*** Opening of Raw data ***
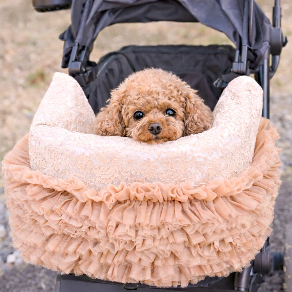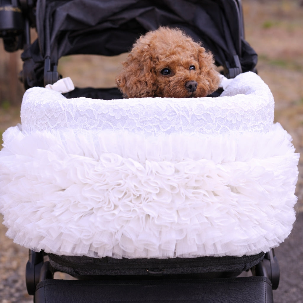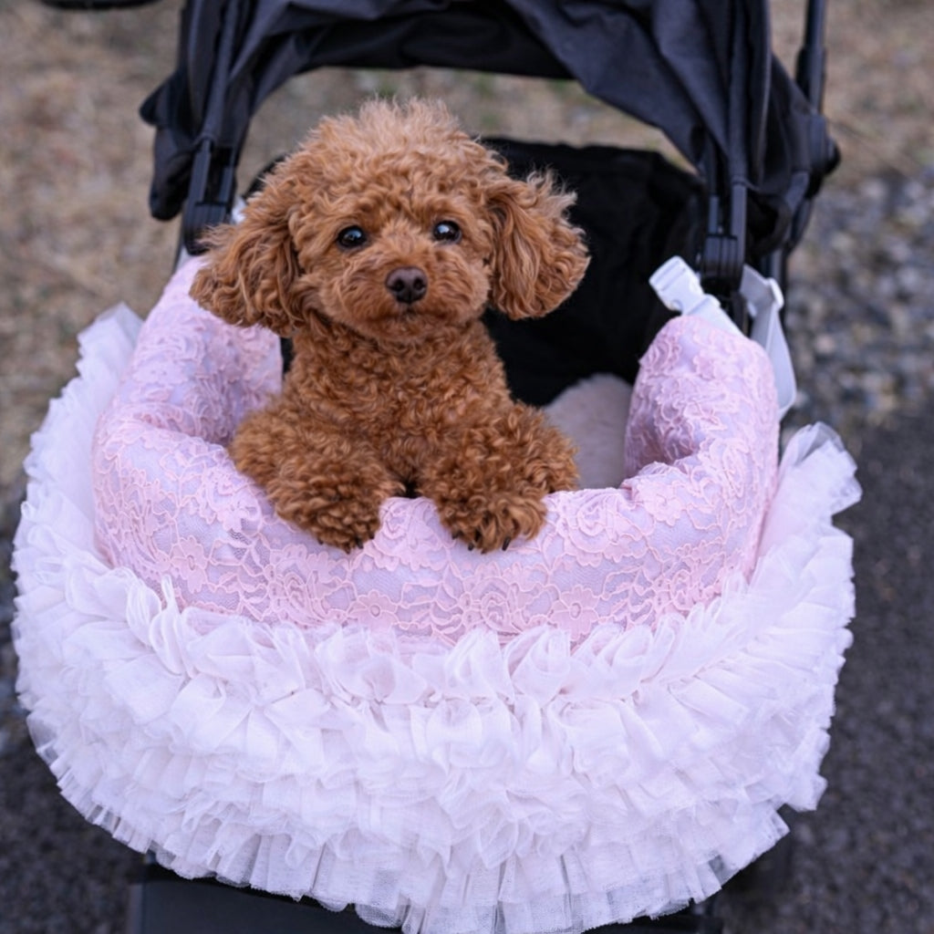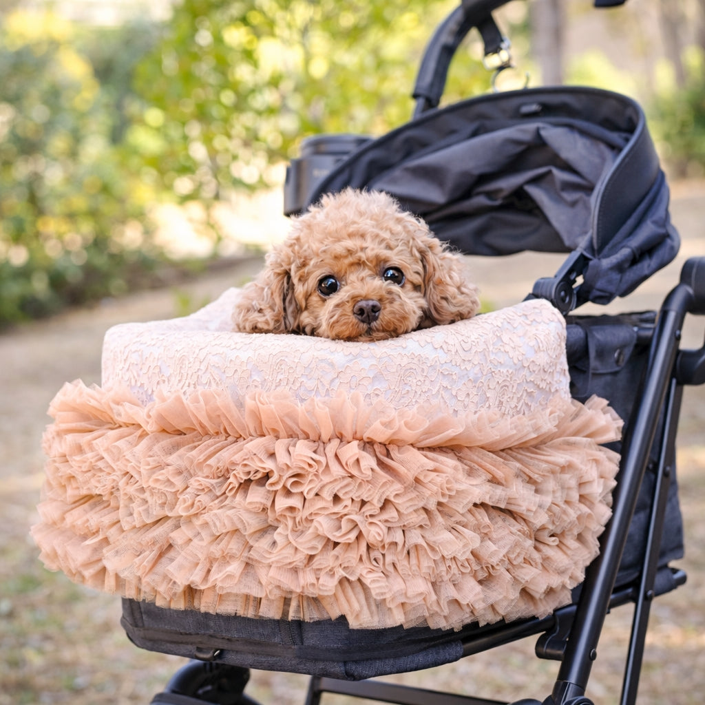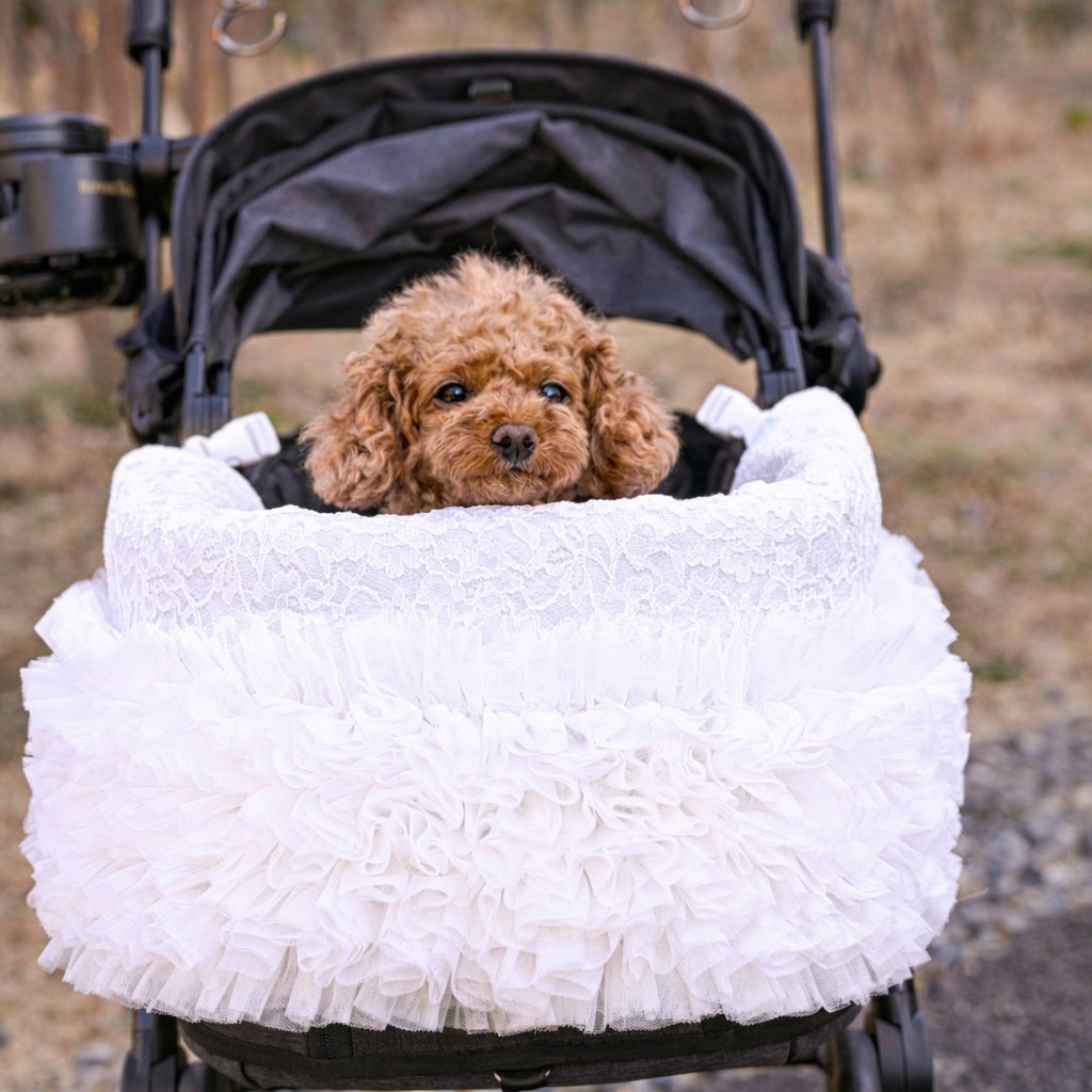 3月25日発送開始予定です。 カートを華やかに彩るレースチュールフリルカートカバー。 たっぷりと重ねたチュールフリルと繊細なレース生地が、いつものカートを上品で可愛らしい印象にしてくれます。 カートのフロントにふんわりと広がるデザインはお出かけやカフェでも愛犬をより可愛く引き立ててくれるアイテム。 軽やかなチュールと柔らかなレース素材で季節を問わずお使いいただけます。 カラー ホワイト清楚で華やかな印象。どんなお洋服にも合わせやすい定番カラー。 ピンクやさしいピンクが可愛らしくフェミニンなコーディネートにぴったり。 ベージュ落ち着いた上品カラー。大人っぽくナチュラルな雰囲気に。 フェイクファーカートカバーをお持ちの方へ 季節に合わせてカートカバーを変えることでお出かけコーディネートをより楽しめます。アジャスタブルナイロンベルトで装着するため、さまざまなペットカートに取り付け可能です。 エアバギー DOME3(レギュラー・ラージ)やロイヤルテイルズなどのカートにも対応しています。
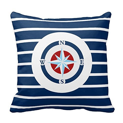 Decorbox Cotton Stripe Pattern Pillowcase Blue White Stripes Nautical Compass Throw Pillow Covers 18 x 18
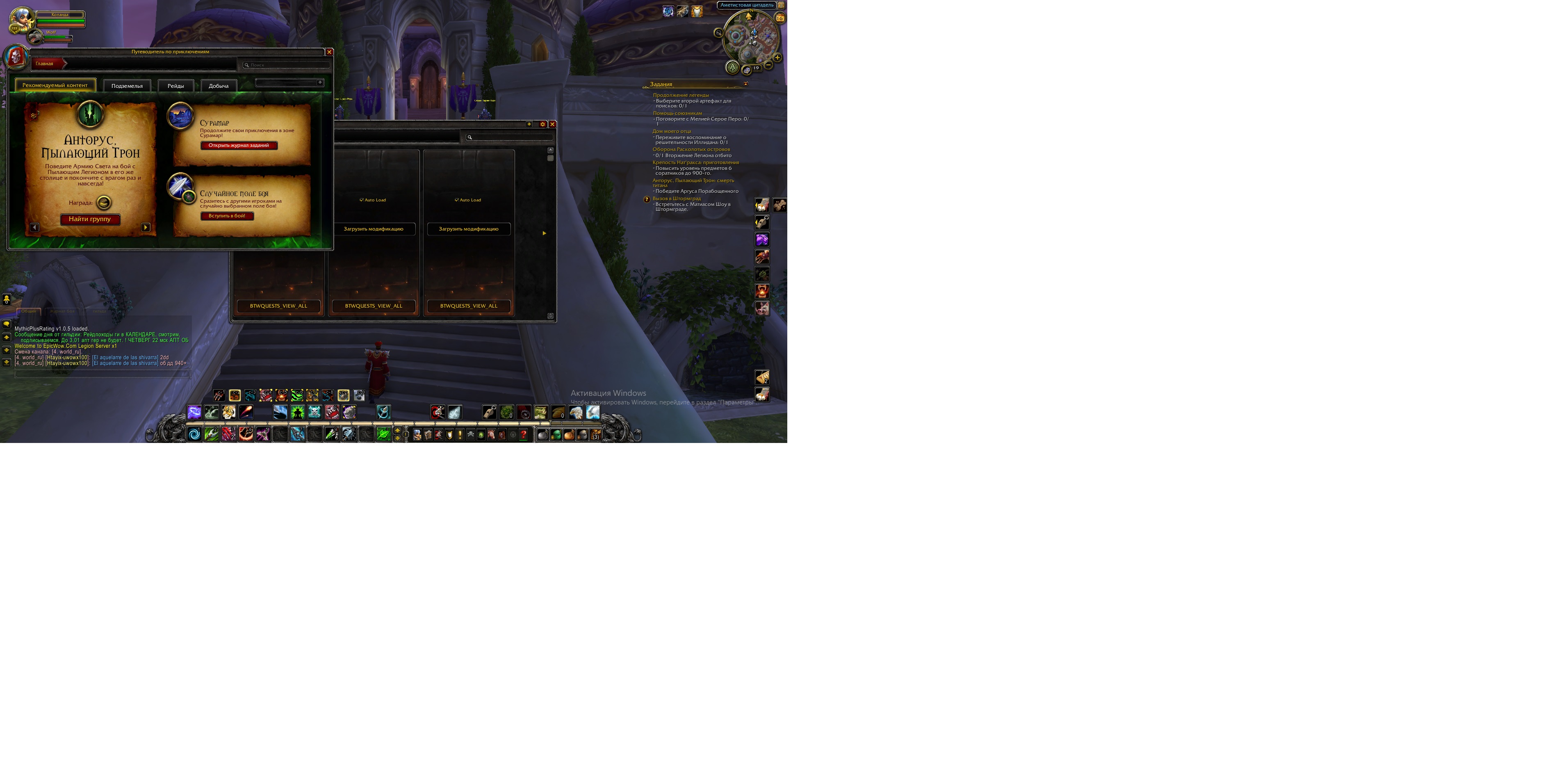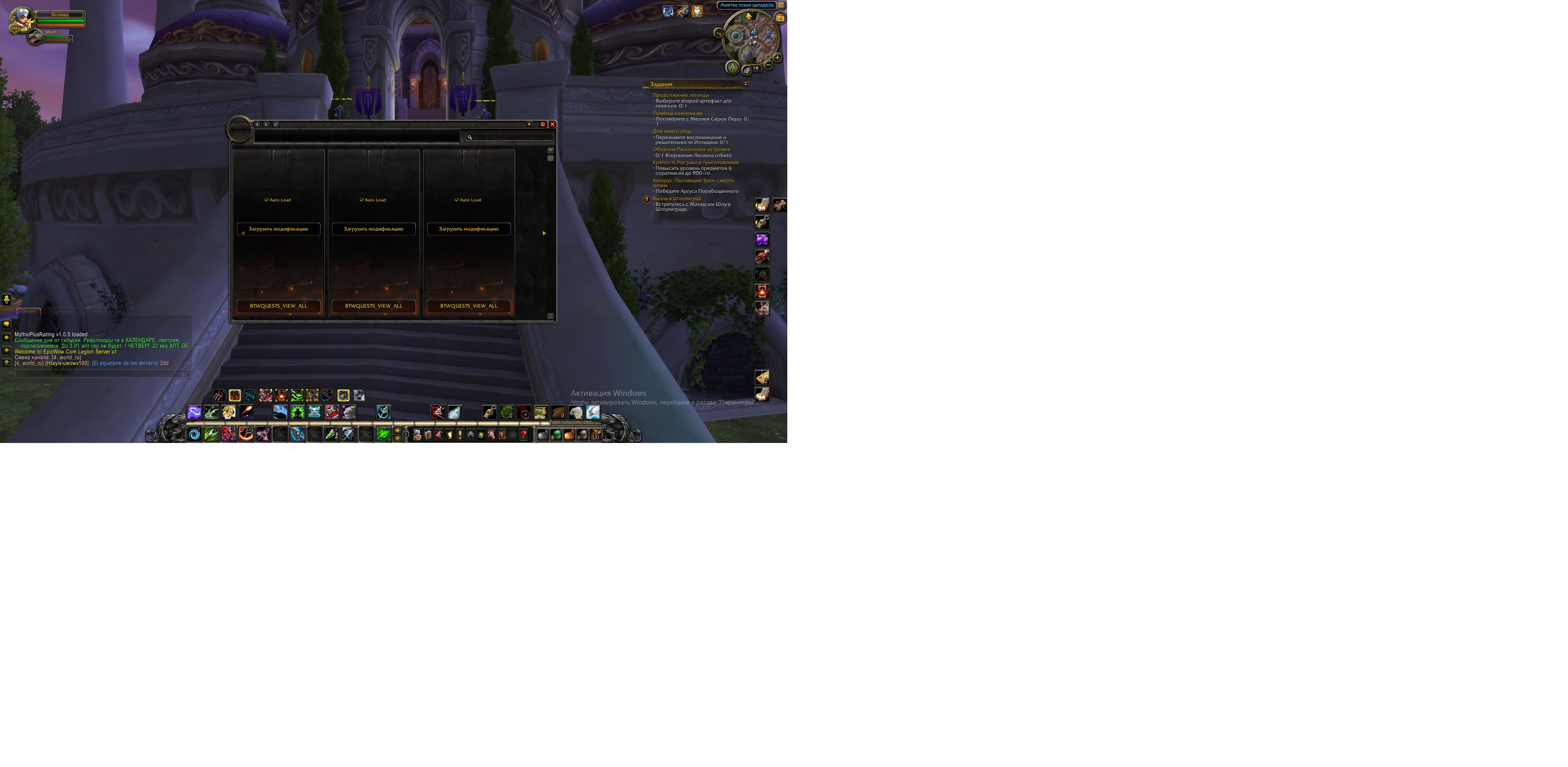 Здравствуйте! Цепочка начинается с квестов https://ru.wowhead.com/quest=39985 / https://ru.wowhead.com/quest=44555 . https://ru.wowhead.com/quest=39985 вы сможете получить в Даларане при достижении 110-ого уровня. По скрину сложно определить ваш уровень, а так же состояние оплота класса, поэтому требуется ответ от вас. Аддон BtwQuests не работает, потому что вы скачали версию для клиента 8.0.1 и выше, а мы играем на версии 7.3.5 |
*** Close of Raw data ***
■ What you will do
Print the listing verbatim; no pictures.

■ Exercise output
 3月25日発送開始予定です。 カートを華やかに彩るレースチュールフリルカートカバー。 たっぷりと重ねたチュールフリルと繊細なレース生地が、いつものカートを上品で可愛らしい印象にしてくれます。 カートのフロントにふんわりと広がるデザインはお出かけやカフェでも愛犬をより可愛く引き立ててくれるアイテム。 軽やかなチュールと柔らかなレース素材で季節を問わずお使いいただけます。 カラー ホワイト清楚で華やかな印象。どんなお洋服にも合わせやすい定番カラー。 ピンクやさしいピンクが可愛らしくフェミニンなコーディネートにぴったり。 ベージュ落ち着いた上品カラー。大人っぽくナチュラルな雰囲気に。 フェイクファーカートカバーをお持ちの方へ 季節に合わせてカートカバーを変えることでお出かけコーディネートをより楽しめます。アジャスタブルナイロンベルトで装着するため、さまざまなペットカートに取り付け可能です。 エアバギー DOME3(レギュラー・ラージ)やロイヤルテイルズなどのカートにも対応しています。
 Decorbox Cotton Stripe Pattern Pillowcase Blue White Stripes Nautical Compass Throw Pillow Covers 18 x 18
 Здравствуйте! Цепочка начинается с квестов https://ru.wowhead.com/quest=39985 / https://ru.wowhead.com/quest=44555 . https://ru.wowhead.com/quest=39985 вы сможете получить в Даларане при достижении 110-ого уровня. По скрину сложно определить ваш уровень, а так же состояние оплота класса, поэтому требуется ответ от вас. Аддон BtwQuests не работает, потому что вы скачали версию для клиента 8.0.1 и выше, а мы играем на версии 7.3.5 |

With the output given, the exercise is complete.